Разумно ли, чтобы даже искусства извлекали пользу из нашей природной глупости и слабости? Оратор, как говорится в риторическом фарсе его судебной речи, воодушевляется звуком собственного голоса и притворными эмоциями, позволяя себя обмануть страсти, которую он изображает; он запечатлевает в себе истинное и подлинное горе посредством той роли, которую играет, дабы передать его судьям, кои вовлечены в дело еще меньше него: подобно тем, кого нанимают на похороны для участия в церемонии скорби и кто продает свои слезы и траур на вес и меру; ибо хотя они и действуют по чужому лекалу, тем не менее, привыкая и настраивая свои лица под стать случаю, они, несомненно, часто действительно проникаются подлинной скорбью. Я был в числе нескольких других его друзей, сопровождавших тело мсье де Граммона в Суассон от стен осажденного Ла-Фера, где он был убит; я заметил, что во всех местах, через которые мы проезжали, мы преисполняли встречных людей плачем и слезами одной лишь торжественной помпой нашего кортежа, ибо имя покойного там даже не было известно. Квинтилиан сообщает, что видел комедиантов, настолько глубоко вошедших в траурную роль, что они продолжали плакать за кулисами, и что те, кто брался возбудить страсть в другом, сами предавались ей до такой степени, что заражались ею не только до слез, но также бледностью и поведением людей, поистине сокрушенных горем.

В одной местности близ наших гор женщины разыгрывают «попа Мартына», ибо, усиливая скорбь по усопшему мужу напоминанием о его достоинствах и приятных качествах, они в то же время перечисляют и обнажают его несовершенства — словно вступая с самими собой в некое соглашение и отвлекаясь от сострадания к презрению. И все же делают они это куда изящнее нас, которые, теряя знакомого, стараются расточать ему новые и фальшивые похвалы и сделать его совсем иным, когда мы утратили его из виду, чем он казался нам при жизни; словно сожаление — вещь поучительная, или словно слезы, омывая наш рассудок, проясняют его. Что до меня, то я заранее отрекаюсь от всех лестных свидетельств, какие люди захотели бы дать обо мне — не потому, что я буду их достоин, а потому, что буду мертв.
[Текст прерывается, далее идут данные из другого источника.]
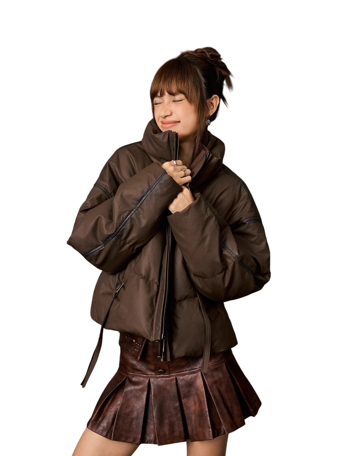 Designed with a slightly glossy finish, this winter essential combines fashion and practicality, making it perfect for city wear during chilly months.

Всякий спроси у человека: «Какой у тебя интерес в этой осаде?» — «Интерес примера, — ответит он, — и общего подчинения моему государю: я не преследую здесь никакой выгоды, а что до славы, то я знаю, сколь мало ее достается частному лицу, подобному мне: у меня здесь нет ни страсти, ни вражды». И тем не менее на следующий день вы увидите его совсем другим человеком: разъяренным и побагровевшим, выстроившимся в боевой порядок для штурма; это блеск стали, огонь и грохот наших пушек и барабанов влили в его жилы эту новую стойкость и ярость. Пустячная причина, скажете вы. Какая причина? Никакой причины для возбуждения ума не требуется; простая прихоть без плоти и без предмета будет управлять им и волновать его. Стоит мне задуматься о строительстве воздушных замков, как мое воображение рисует мне удобства и удовольствия, от которых моя душа поистине трепещет и радуется. Как часто мы терзаем свой ум гневом или печалью из-за подобных призраков и вовлекаем себя в фантастические страсти, разрушающие и душу, и тело! Какие изумленные, мимолетные, смятенные гримасы придает это помешательство нашему лицу! какие прыжки и движения членов и голоса оно нам внушает! Не кажется ли вам, что этот отдельный человек видит ложные видения среди толпы прочих людей, с которыми он имеет дело, или что им овладел некий внутренний демон, преследующий его? Спросите себя: где же объект этого изменения? Есть ли в природе что-либо, кроме нас самих, что поддерживало бы суетность и над чем она имела бы власть? Камбиз, приснись ему, что его брат станет однажды царем Персии, предал его смерти: любимого брата, которому он всегда доверял. Аристодем, царь мессенцев, покончил с собой из-за дурного предзнаменования, вызванного бог весть каким воем его собак; и царь Мидас поступил так же из-за какого-то глупого сна, приснившегося ему. Такова цена жизни — расставаться с ней ради сна. И после этого послушайте, как душа торжествует над несчастьями и слабостью тела и над тем, что она подвержена любым ударам и изменениям; поистине, у нее есть причины так говорить!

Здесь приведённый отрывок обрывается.